I would accuse these bigoted atheists of being history deniers. They are living back in the time of Galileo when Christians really were anti-science, and have ignored the huge changing of thinking in church circles ever since. Some more than others.
Questioning God
Looking for a pattern in all this we could be swamped by all the detail.
But I would stress one overall aspect …. that if God is just a character in a story … we should encourage people question their gods … with scepticism, but also empathy.
And the Jewish people are experts in this …. they have been doing it for over 2,000 years.
The extreme example, in my view, is the Jewish book of Job …. I read you the terrible story of the suffering that happened to Job.

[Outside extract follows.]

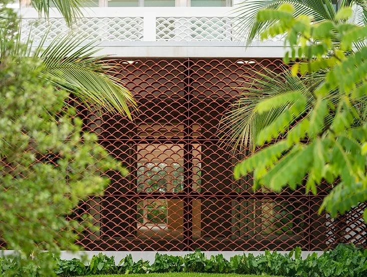 ANDstudio was hired to build a residence on a vacant lot in the historic Morningside neighborhood of Miami, which came with HEP board approved plans for a house by DEN Architects. Their original design incorporated traditional terra-cotta barrel tile roofs as an unconventional building material, and in a nod to the local Miami Mid Century Modern “MiMo” style of architecture, the screens create privacy and filter the harsh Miami sun, while still allowing light to filter in through the full height sliding glass doors. Working with the previously approved facade, ANDstudio enlarged the footprint and reconfigured the interiors of the house to make it more functional for the new owner. This house demonstrates how design can be respective of its context without mimicking the past.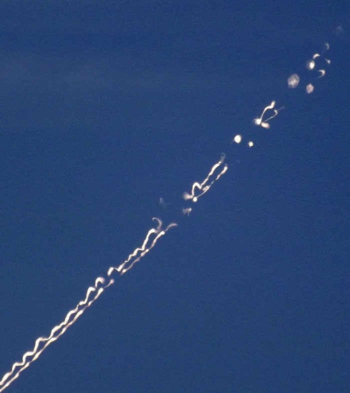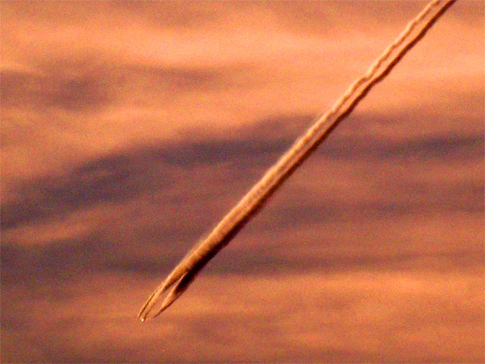 Am Ende des Kondensstreifen sind bereits Auflösungen zu erkennen, welche durch Windverwirblungen verursacht werden...

But that was just the start of a huge discussion about why he suffered. In the story, three of his friends come along to comfort him, and they all l bring different explanations for why God let this happen. The book has dozens of excuses. And Job rejects them one by one.
But to my mind the worst excuse these friends made … was that God would punish Job for asking so many questions. This excuse goes full circle. It blames the victim for his own suffering.
And Job hits back … miserable comforters are you all.. I could have said those things if I were in your place, but it would have comforted you.
So this book is not about God as such. It is about the right to ask questions about God….. especially when you are in trouble.
It’s still a Jewish pastime to ask questions about God.
The musical Fiddler on the Roof, was on TV two weeks ago, it has a very devout Jewish father who keeps making argumentative prayers to God. It’s set in Russia during the revolution, and how badly Jews were treated, all focused on one family. One daughter marries a communist, for instance, driving the father to despair.
So summing up… we have looked at five ways people make excuses for God
- The overall problem is it makes people afraid to ask questions.
- And the answer is to keep on listening to people who are in trouble, and not discourage them with demoralising stories about God.